# CSC 480-F25 Lab 4: Agentic Monte Carlo Search
### Authors:
***Grady Schneider***

California Polytechnic State University, San Luis Obispo;
Computer Science & Software Engineering Department

### Overview
This lab focuses on:
*   Understanding and implementing Monte Carlo Search for a complex puzzle (NYT Spelling Bee).
*   Improving the random simulation (rollout) process by designing a smarter heuristic.
*   Decomposing the Monte Carlo Search algorithm into a multi-agent system using AutoGen.
*   Specifying the communication protocols (MCP and A2A) for agent collaboration.
*   Analyzing the trade-offs between conventional and agentic implementations of search algorithms.

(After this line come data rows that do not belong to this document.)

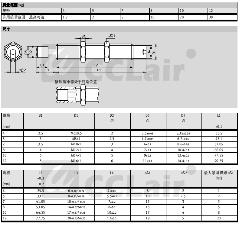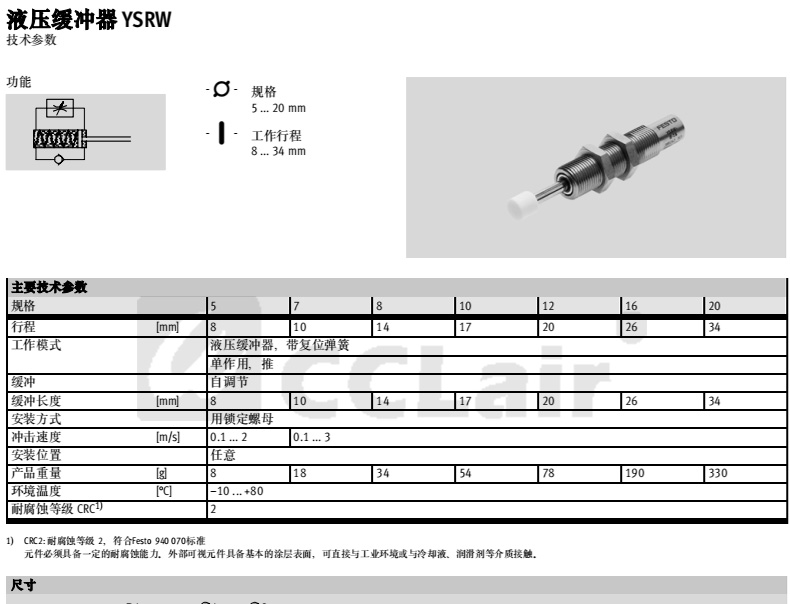 YSRW5-8,YSRW7-10,YSRW8-14,YSRW10-17,YSRW12-20,YSRW16-26, YSRW20-34,油壓緩沖器YSRW
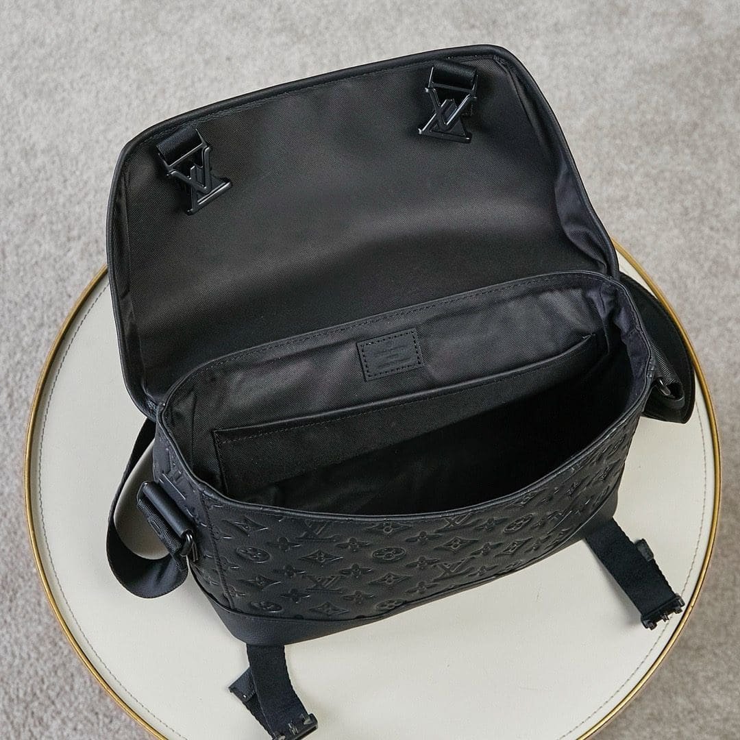 Inspired by the vintage school bag, the Messenger Voyager PM bag is made from Monogram Shadow calfskin. The familiar and comfortable-to-carry shape is enriched with two new signature LV buckles, and a convenient adjustable shoulder strap. A great work bag, its roomy interior can fit a tablet, charger, notebooks, and other daily belongings.
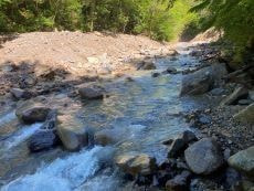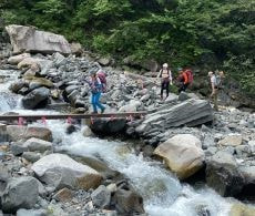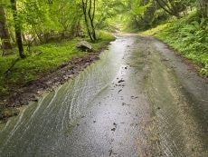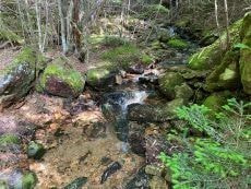 沢沿いを歩いているので川の音がいつも聞こえているし、沢の水がところ
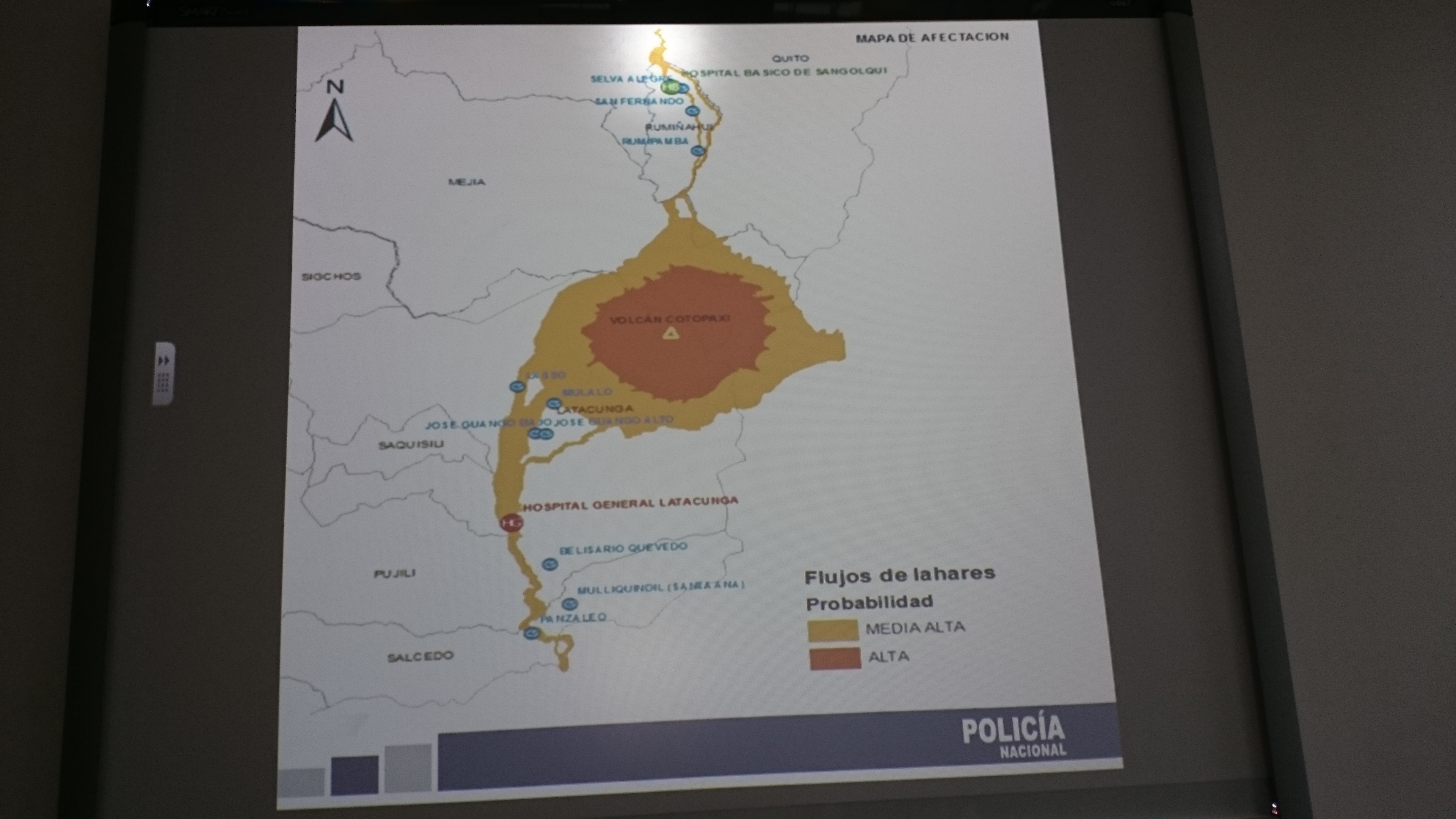Indicó que las provincias de Pichincha, Cotopaxi, Napo y Tungurahua son consideradas por el Instituto Geofísico de la zona Norte y Sur y la Secretaría de Gestión de Riesgos, como zonas de riesgo por la trayectoria que tomarían los lahares, que son flujos compuestos de material volcánico sueltos, mezclados y removilizados por el agua proveniente del lago cratérico que descienden rápidamente por los flancos del cono, siguiendo quebradas y los valles.
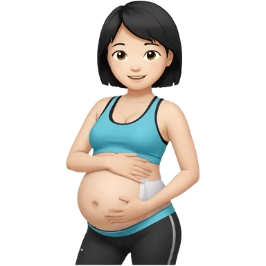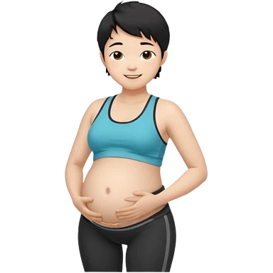 pregnant asian boy with short messy black hair wearing a sports bra with leggings holding his belly emoji
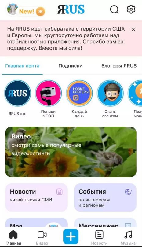 ЯRus собирает видео с девяти хостингов, включая YouTube, RuTube и TED. В разделе «Сюжеты» публикуют короткие вертикальные ролики, напоминающие формат TikTok. Многие видео там — перезаливы из тиктока, но встречается и уникальный для соцсети контент.
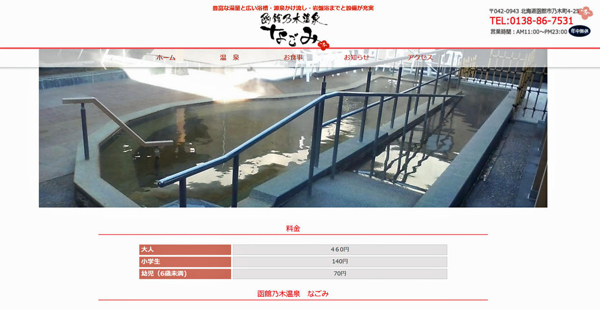 | 函館乃木温泉『なごみ公式ホームページ』 要注意=シャンプー・石鹸は無し・ドライヤー1分10円 |
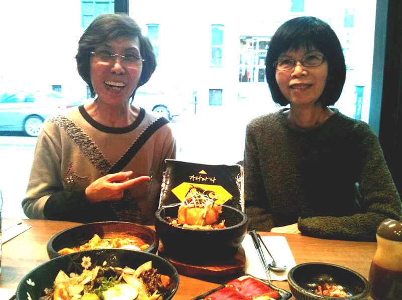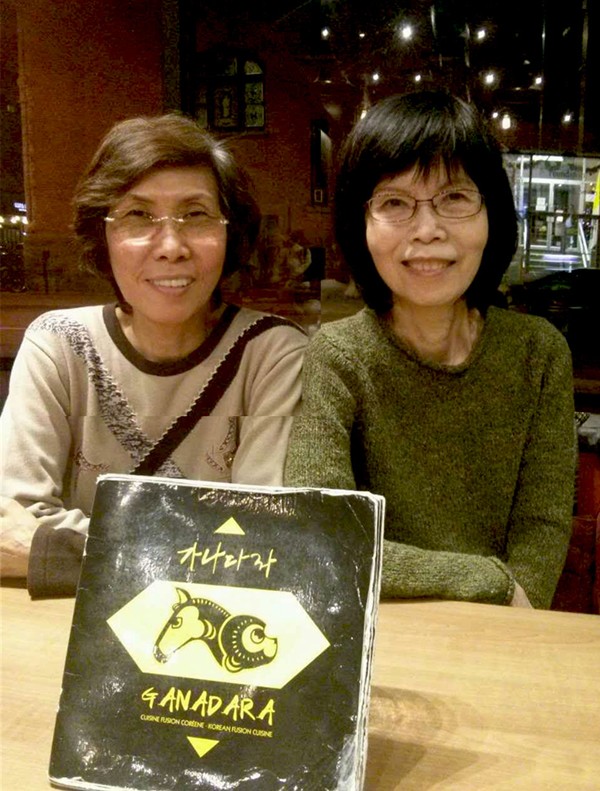 每次盧業芬(右)到訪滿地可都與潘藍茵飽嚐美食,2015年12月7日在朋友介紹下,光顧了這家要排隊才可以入座的韓國餐廳,並且不知不覺在餐館裡閒聊了足足三小時。
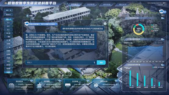 依托化学化工学院在智慧赋能碳管理领域的研究基础和数字孪生领域的技术积累,平台深度融合无人机实景测绘、UE5三维渲染引擎与大语言模型等前沿科技,成功构建校园级“碳中和智能体”。平台实现了对校园建筑能耗、资源消耗及废弃物处理全生命周期的精准动态追踪。师生不仅能通过沉浸式交互界面直观观察能量流、物质流与碳足迹变化过程,还可借助平台开展减碳方案模拟演算,让绿色低碳学习从理论走向实践。平台的建成,不仅为校园碳管理提供了科学的数据支撑与智能决策依据,更成为高校创新绿色教育形式的标杆案例。
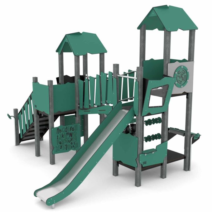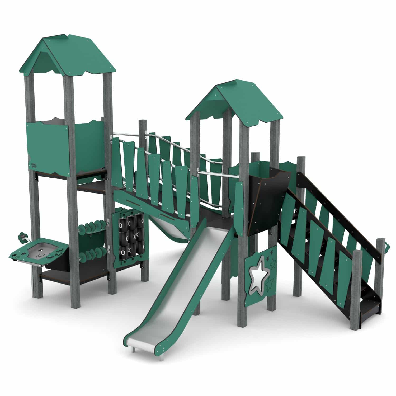 Spielturm-Anlage mit 2 Türmen, Rutsche, Brücke und Spielwänden – RECYCLED RC1504 von Vinci Play – Ein Spielparadies für kleine Abenteurer!
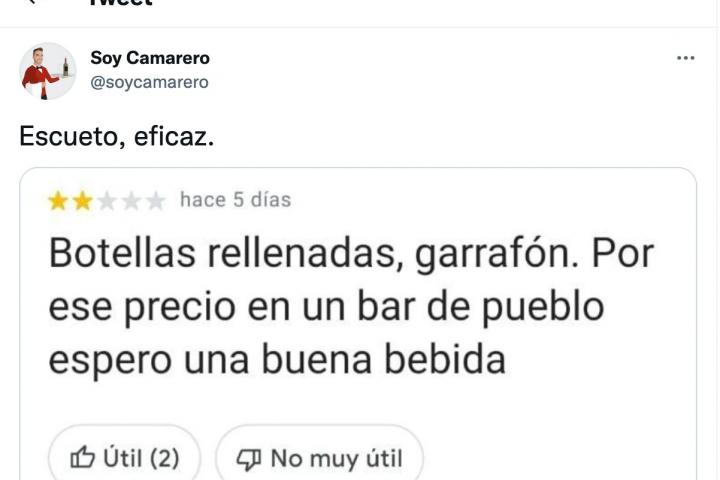 En esta reseña, el usuario le da al establecimiento dos estrellas y acusa al dueño de dar bebida de mala calidad y venderla como buena: “Botellas rellenadas, garrafón. Por ese precio en un bar de pueblo espero una buena bebida”.
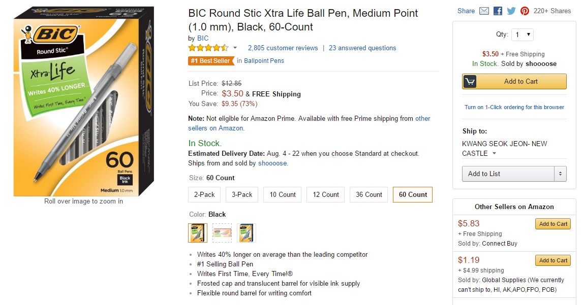 [amazon] BIC Round Stic 볼펜 60개 ( $3.5/미국내 무료)
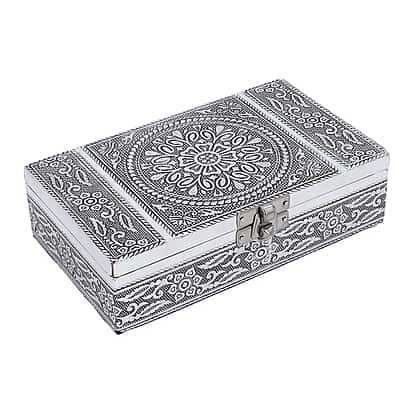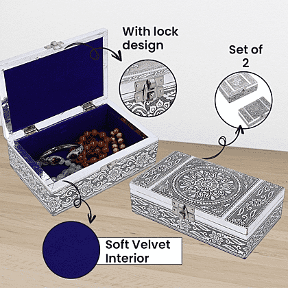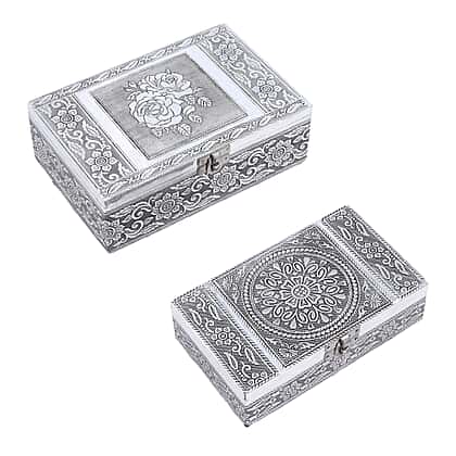 This unique rose and flower motifs set of two aluminium storage boxes is handcrafted by skilled artisans. The two nested boxes are designed so that one can fit into the other. The aluminium lids are embossed with unique prints, respectively. The oxidised finish accents the floral theme of the boxes and lends them an antique look. You can store jewellery, rings and cufflinks in these boxes.
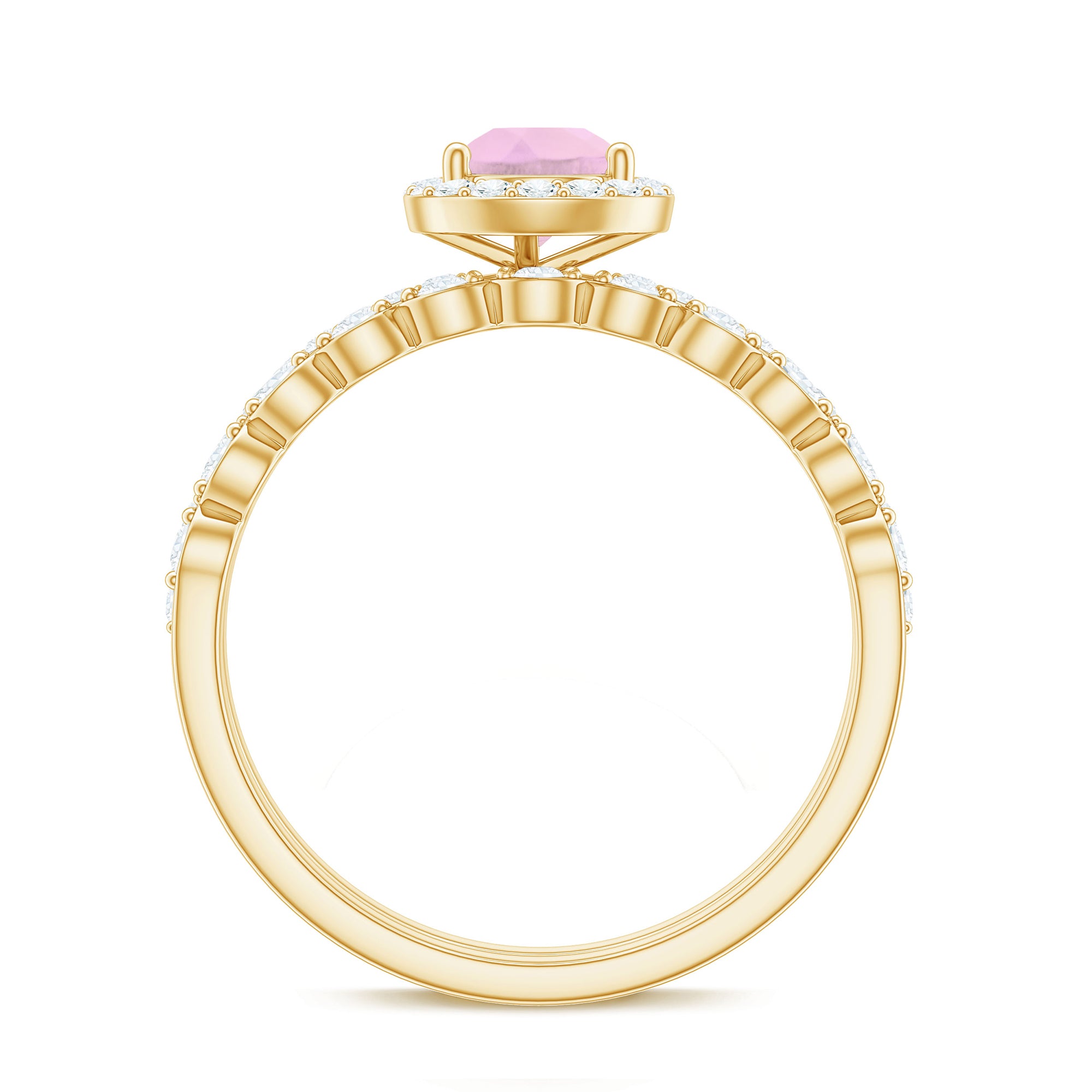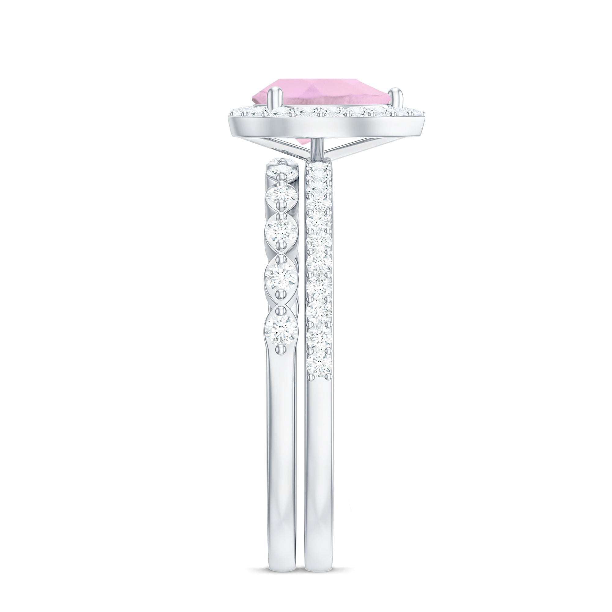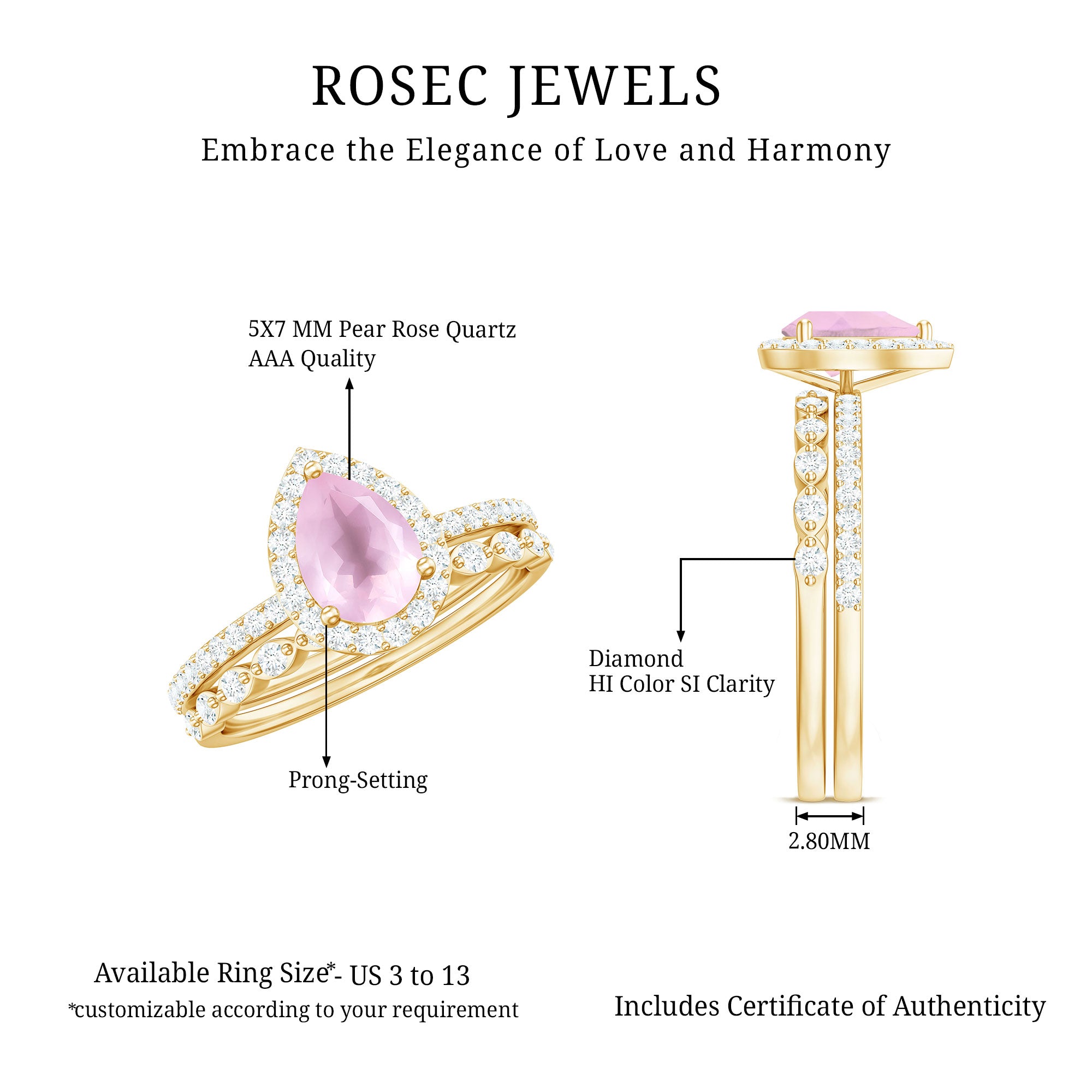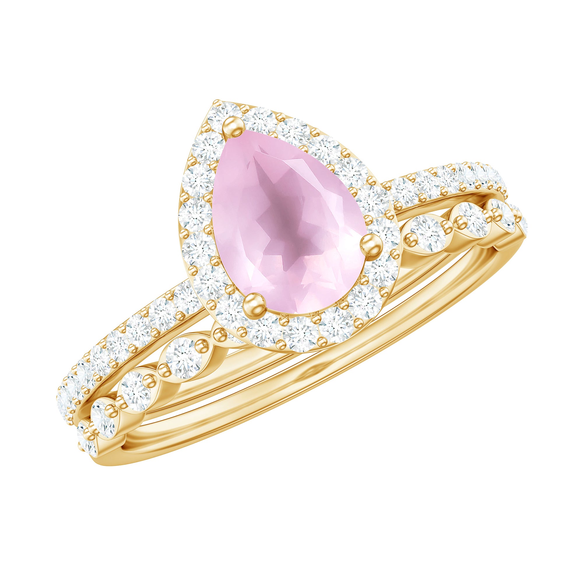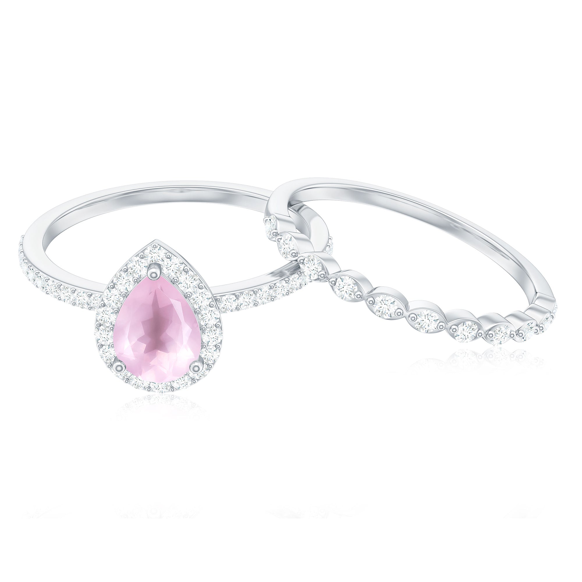 Teardrop Rose Quartz Bridal Ring Set with Diamond

**NOTE:** The Spelling Bee problem definition and a baseline Monte Carlo search function are provided for you. Your work is to improve the heuristic (Part 1) and then re-implement the search using an agentic architecture (Part 2).

### Learning Objectives
By the end of this lab, you will be able to:
*   Understand the principles of Monte Carlo Search and its trade-offs compared to systematic search algorithms.
*   Implement a conventional Monte Carlo Search algorithm by adapting a generalized search framework.
*   Design and implement an agentic system to perform and evaluate the random simulations (rollouts).
*   Analyze how the number of simulations impacts solution quality and performance.
*   Specify the communication patterns (MCP/A2A) required for agents to collaboratively execute and aggregate the results.

### Environment Setup
Install the required packages for AutoGen and other utilities. This setup is similar to previous labs.

In [6]:
%pip install "autogen-core" "autogen-agentchat" "autogen-ext[openai,azure]"

Collecting autogen-core
  Downloading autogen_core-0.7.5-py3-none-any.whl.metadata (2.3 kB)
Collecting autogen-agentchat
  Downloading autogen_agentchat-0.7.5-py3-none-any.whl.metadata (2.5 kB)
Collecting autogen-ext[azure,openai]
  Downloading autogen_ext-0.7.5-py3-none-any.whl.metadata (7.3 kB)
Collecting jsonref~=1.1.0 (from autogen-core)
  Downloading jsonref-1.1.0-py3-none-any.whl.metadata (2.7 kB)
Collecting azure-ai-inference>=1.0.0b9 (from autogen-ext[azure,openai])
  Downloading azure_ai_inference-1.0.0b9-py3-none-any.whl.metadata (34 kB)
Collecting azure-ai-projects>=1.0.0b11 (from autogen-ext[azure,openai])
  Downloading azure_ai_projects-1.1.0b4-py3-none-any.whl.metadata (24 kB)
Collecting azure-core (from autogen-ext[azure,openai])
  Downloading azure_core-1.36.0-py3-none-any.whl.metadata (47 kB)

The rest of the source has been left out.